[Dataset records]
Content starts
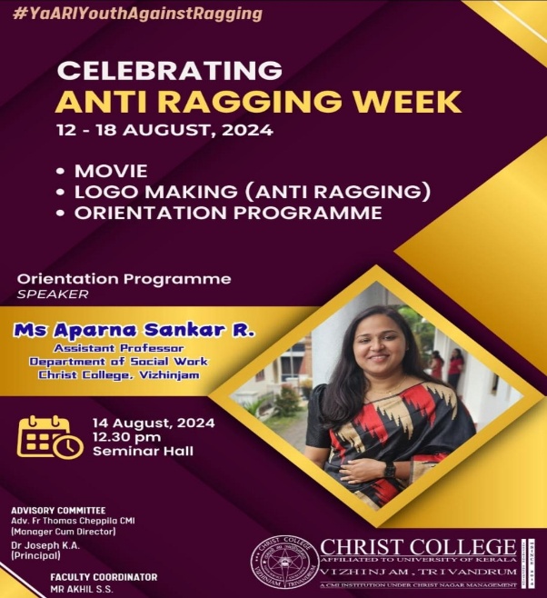 As part of the observance of Anti-Ragging Week, which took place from the 12th to the 16th of August 2024, various programs were organized by
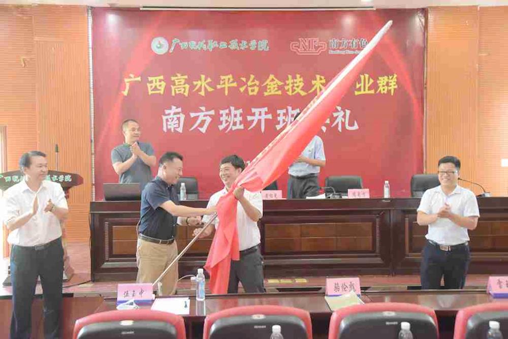 为进一步落实创新型工程人才培养,9月28日下午,我院与南方有色集团共同举办的广西高水平冶金技术专业群冶金技术专业南方班和分析检验技术南方班(以下简称“南方班”)在学院顺利开班。学院院长、河池市职业教育中心学校校长黄绍光,南方有色集团董事长周南方等领导出席开班典礼。学院有关部门领导、资源系教师代表参加开班典礼。开班典礼由学院副院长卢森焕主持。
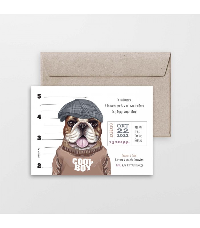 Προσκλητήριο βάπτισης σκύλος για αγόρι. Η κάρτα του προσκλητηρίου έχει διάσταση 19Χ14cm. Στη τιμή περιλαμβάνεται και ο φάκελος.
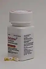 Levomilnacipran (brand name Fetzima) is an antidepressant which was approved in the United States in 2013 for the treatment of major depressive disorder (MDD) in adults.[1] It is the levorotatory enantiomer of milnacipran, and has similar effects and pharmacology, acting as a serotonin–norepinephrine reuptake inhibitor (SNRI).[4][5]
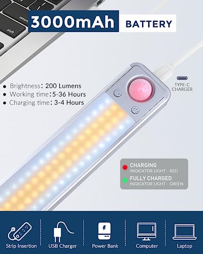 【Tempo di alimentazione a batteria a lunga durata】 Batteria ricaricabile integrata da 3000 mAh, questa luce per armadio a risparmio energetico e portatile consente di durare 0,5 mesi dopo una carica completa e sotto il sensore di movimento notturno. Inoltre, è conveniente essere ricaricato tramite qualsiasi dispositivo con porta USB-C, come computer, lampada da scrivania, power bank, caricabatteria per auto e così via.
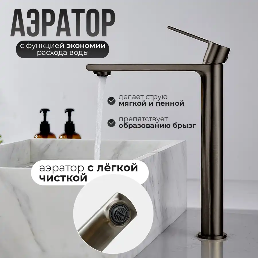 Смесители для раковины AVS Elegant 811-401-GM высокий, оружейная сталь
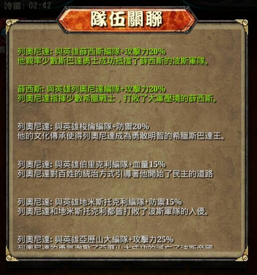 再上一张图,这张图是从游戏【主页面】--->【关联】点开的,可以看到,我同时将【薛西斯】和【列奥尼达】放在编队中,即可获得关联属性【+攻击力20%】:
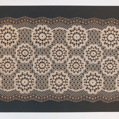 Depending on the quantity, lace fabrics will either be put onto a roll/spool and packed into cartons or, if the quantity is low, they may also be just folded and put into an envelope. The meterage per roll/spool varies depending on the width.
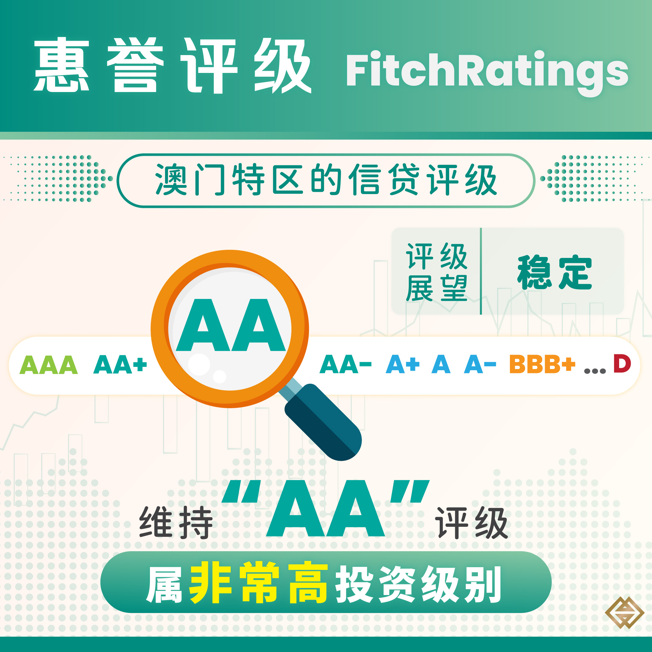 惠誉国际评级有限公司(Fitch Ratings,下简称“惠誉")今(4)日公布维持澳门特区的“AA”长期本外币发行人信贷评级,评级展望为“稳定”。
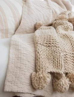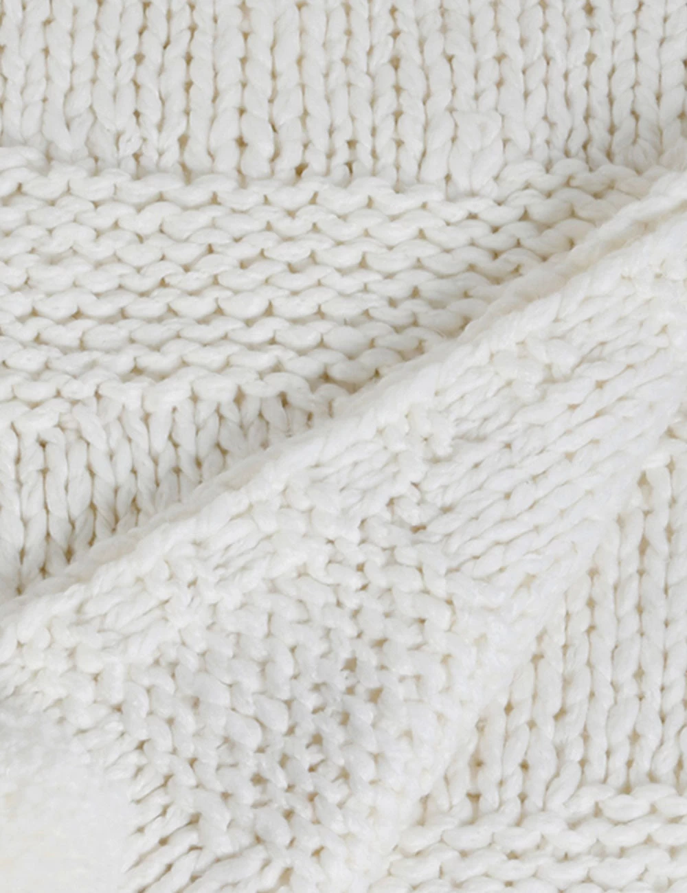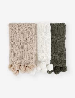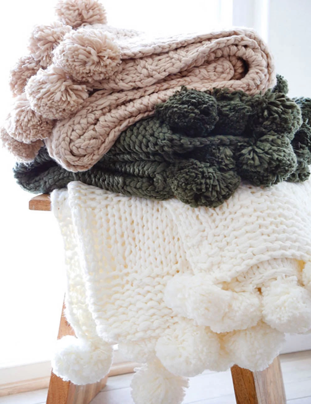 With a chunky knit in alternating weaves, this throw offers an irresistible texture to your favorite seat. Pom poms add a chic touch for an extra cozy everyday blanket with a stylish edge.
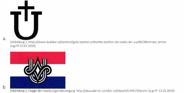 [5] Zwei Symbole sind in der Verordnung ausgeführt: Erstens das Ustascha-U mit darin befindlicher silbernen Granate und darauf befindlichem Ustascha-U (Nr. 22 der Symbole-Bezeichnungs-Verordnung), zweitens das Ustascha-Wappen (Schachbrettmuster) mit dem direkt darüber befindlichem „U“ mit rot-weißer Verzierung (Nr. 23, SymbVerzV).
Content ends
§ **Task goal**
Please transcribe exactly the part of the records that opens with the line containing "为进一步落实创新型工程人才培" and closes with the line containing "Προσκλητήριο βάπτισης σκύλος", both ends included, and leave out the pictures.

§ **Solution for this task**
 为进一步落实创新型工程人才培养,9月28日下午,我院与南方有色集团共同举办的广西高水平冶金技术专业群冶金技术专业南方班和分析检验技术南方班(以下简称“南方班”)在学院顺利开班。学院院长、河池市职业教育中心学校校长黄绍光,南方有色集团董事长周南方等领导出席开班典礼。学院有关部门领导、资源系教师代表参加开班典礼。开班典礼由学院副院长卢森焕主持。
 Προσκλητήριο βάπτισης σκύλος για αγόρι. Η κάρτα του προσκλητηρίου έχει διάσταση 19Χ14cm. Στη τιμή περιλαμβάνεται και ο φάκελος.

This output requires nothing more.